The ceremony took place on May 9, 2015, at St. Andrew’s Episcopal Church on North Main Avenue in Albany. The church had a beautiful cathedral on one side with high stonewalls arching three stories above, with dark wooden supports stretching across the ceiling. There were stained glass windows of various saints and Jesus as well as other evangelical scenes down the halls. On the other side was a more modern and open room with tables and a kitchen to the far right, like a cafeteria. Food, a selection of finger sandwiches and sweets, was offered here after the ordination.

During the ceremony, there was a typical mass.

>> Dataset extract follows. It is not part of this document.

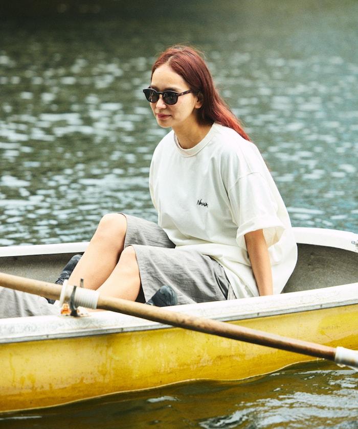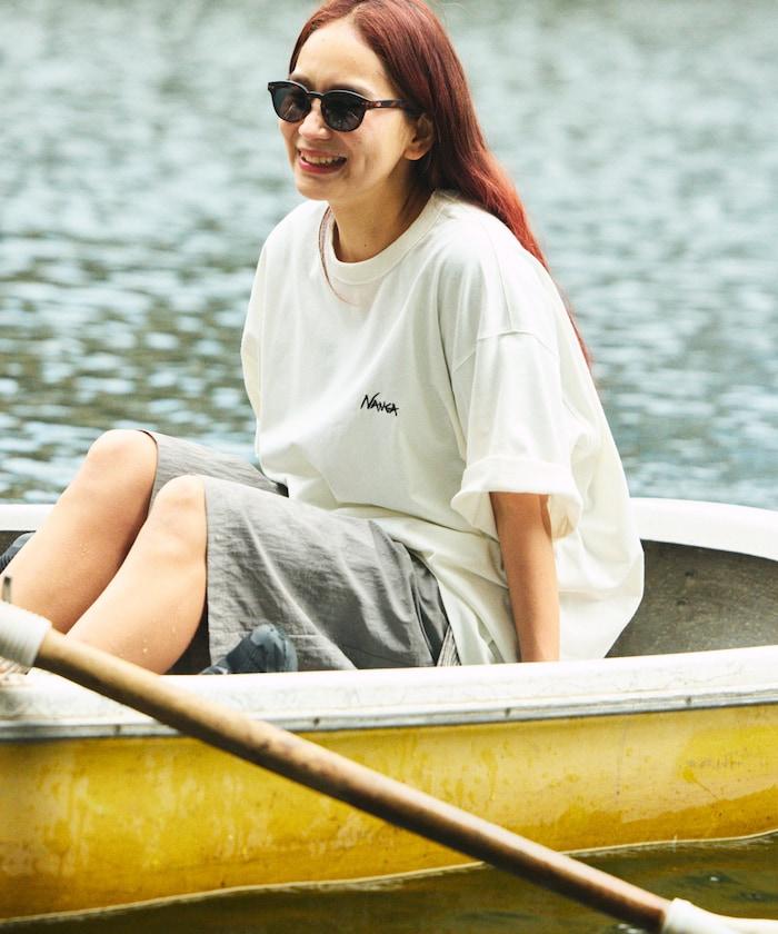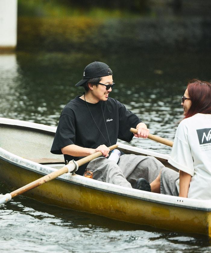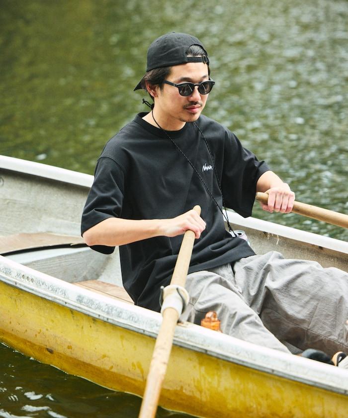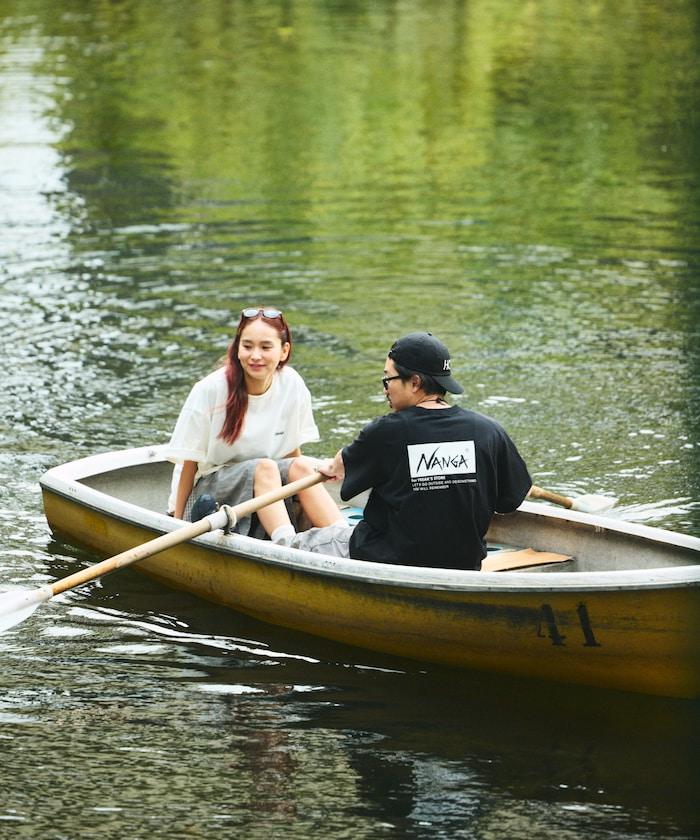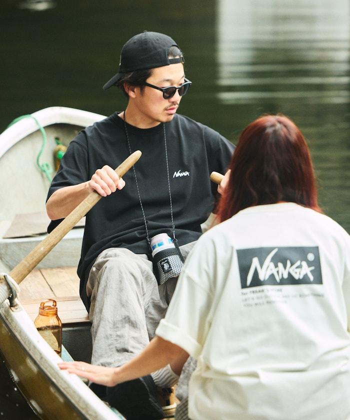 特別定製刺繡 T 恤,正面刺繡熟悉的 Nanga 徽標設計,背面印花。

Bishop Skip Adams gave a speech quoting Marvin Gaye, asking people, “What’s going on?” Halfway through the mass, Haugaard’s ordainment to diaconate began, as he kneeled in front of the ministries and was read his duties. “Today with Jeff we are allowed to invest in God’s great vision,” said the Bishop. He was now a Deacon.

Six months from now, if all goes to plan, he will become a priest.

Haugaard looks back on the day he believes was his calling and recalls a conversation he once had.

“I have a spiritual director, a wonderful woman, an 85-year-old catholic nun, and we were talking about, I guess, God’s influence on people’s lives and the word that she used is that God can give you a glimpse into something and then you have to follow that up. And I really liked that word and I think that in many ways that was that experience I had, kind of a glimpse.”